Generative adversarial networks (GAN), which estimate the real data distribution through an adversarial game, have achieved great success in image generation and text generation. However, many decision models from real world applications are trained on relational data that contains both numerical and categorical attributes. Furthermore, real world applications often have legal or ethical requirements on the generated data, e.g., discrimination free or privacy preservation, or expect to generate complementary samples to their existing data that may only contain normal samples. The research significantly improves the applicability of generative adversarial networks from image/text data to relational data with application requirements and contributes to the limited base of knowledge in the area of using generative adversarial networks for constraint aware relational data generation. The findings, tools, software code, and curricular materials documents are disseminated to the research community, IT industry, and users, which expects to help domain users generate constraint aware data to meet their business needs.

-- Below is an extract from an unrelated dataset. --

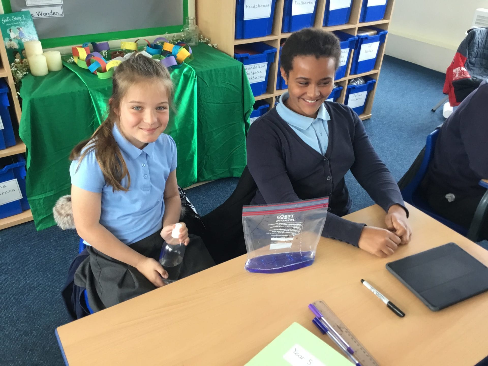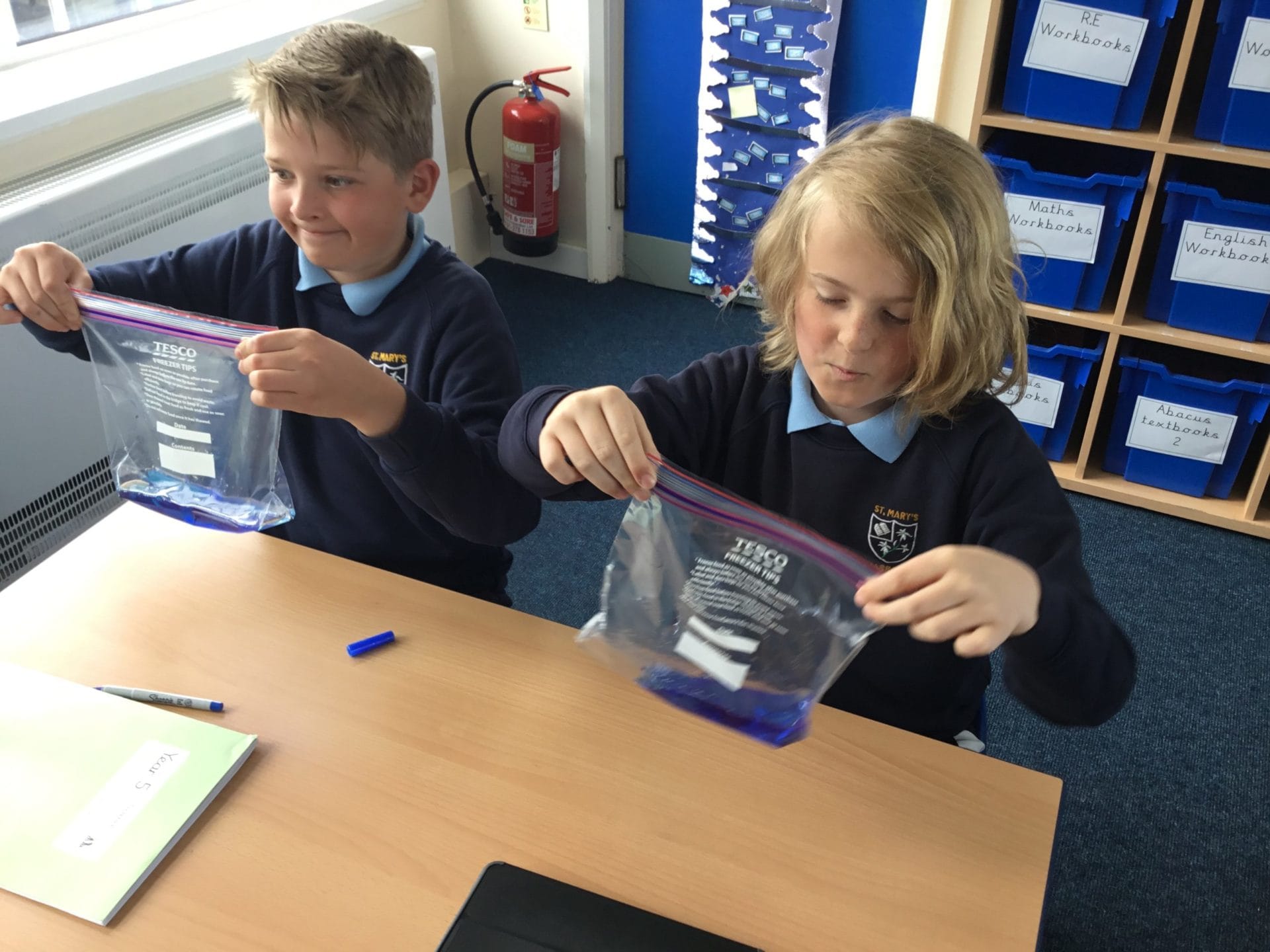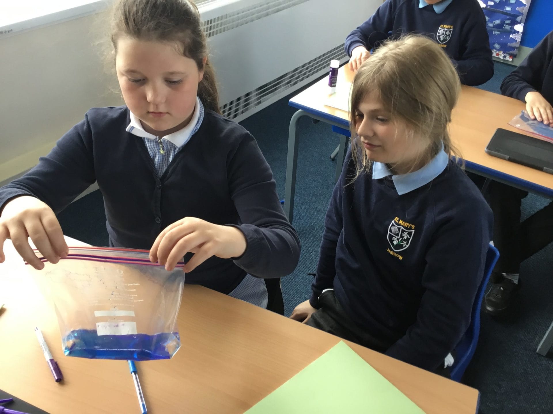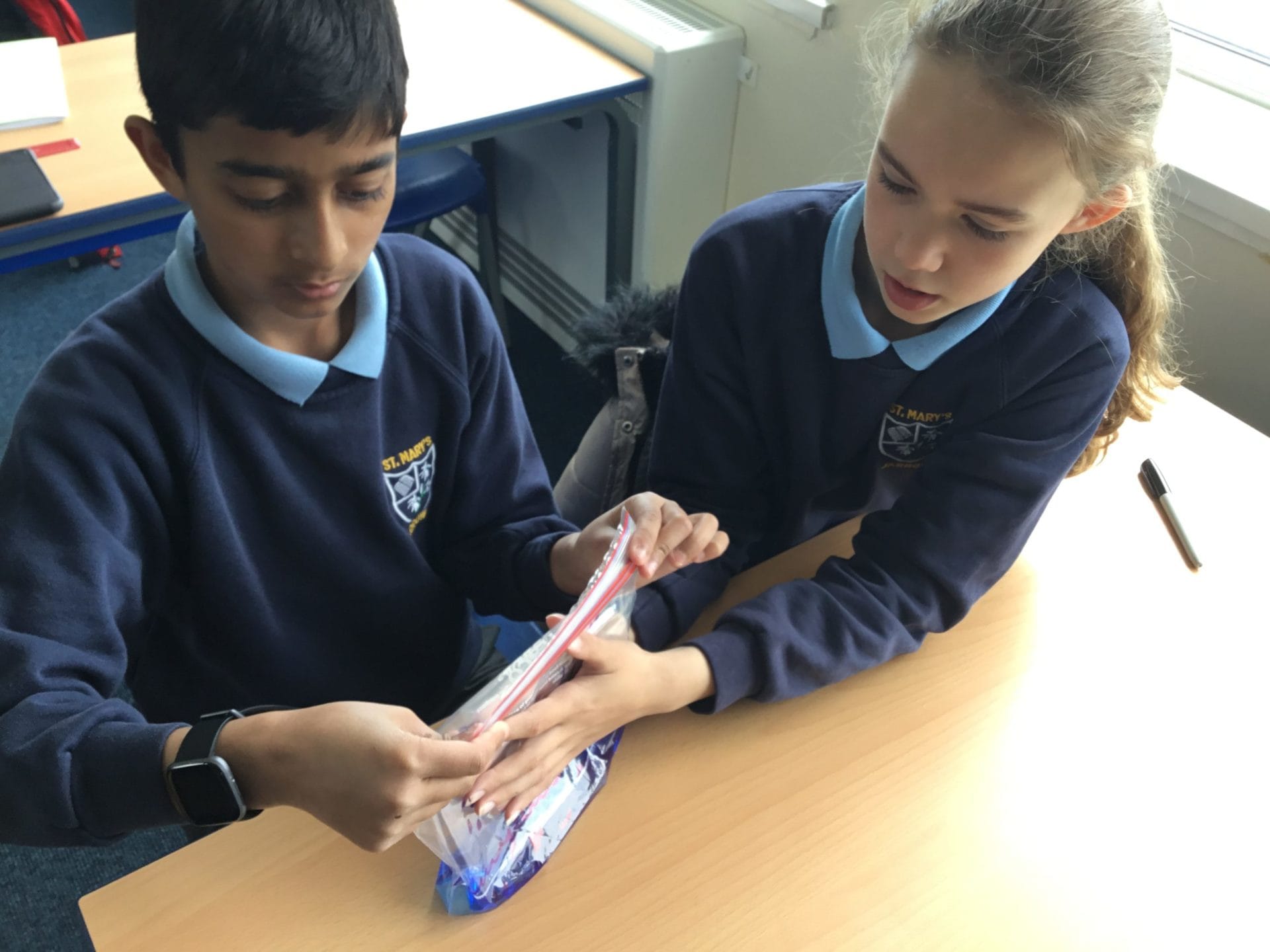 As part of Water Wise Week, the children created the water cycle in a bag to see the processes involved. Firstly, the children used permenant markers to draw a sky in the upper half of your plastic bag. Include clouds and the sun, as they are important elements to the water cycle. Next, the added blue food colouring to water and carefully poured the water into the plastic bag and zip it closed. Once the water was added to the bag and sealed it up, it’s was time to hang it up on a window! It was important to pick a window that gets a lot of sunshine for best results. Finally it was time to observe. Eventually, droplets of water started sticking to the side of the bag. Some of these were up high (in the clouds) while other droplets will be on their way back down (like rain). Why is this happening? It’s because the water in the bag is being heated up against the sunny window. That water turns into a gas through the process called evaporation. In nature, evaporated water vapour goes into the atmosphere, but in our bag, it has nowhere to go, so it ends up sticking to the sides of the bag, turning back into a liquid as condensation. That condensed water then slides back into the pool of water below as “rain”.

This EAGER research develops novel techniques that enable the current generative adversarial networks to generate realistic relational data with constraints. The developed framework adds a decoder to the generator to generate both numerical and categorical data and incorporates constraint terms into the objective functions of generator and discriminator or introduces multiple discriminators to enforce requirement constraints. The research adopts f-divergences to analyze the convergence of the constraint aware GAN framework when complex constraints are introduced. The research then focuses on developing under the unifying framework two specific models, fair GAN for generating discrimination-free data, and complementary GAN for generating negative samples when only positive samples are available in the training data. The research conducts empirical evaluations of the framework and two specific models in terms of accuracy and convergence, implements and integrates the developed algorithms into TensorFlow, an open source deep learning software system. The developed framework expects to advance theoretical understanding of generative adversarial networks and the two specific GAN models expect to improve the current research on fairness aware learning and fraud detection. In particular, the fair GAN introduces the new approach of fair data generation based on GAN as current fairness aware learning research mainly adopts data modification. The complimentary GAN outperforms existing one-class classification models for fraud detection by generating complementary samples and enabling the trained discriminator to accurately separate abnormal samples from normal ones.
This award reflects NSF's statutory mission and has been deemed worthy of support through evaluation using the Foundation's intellectual merit and broader impacts review criteria.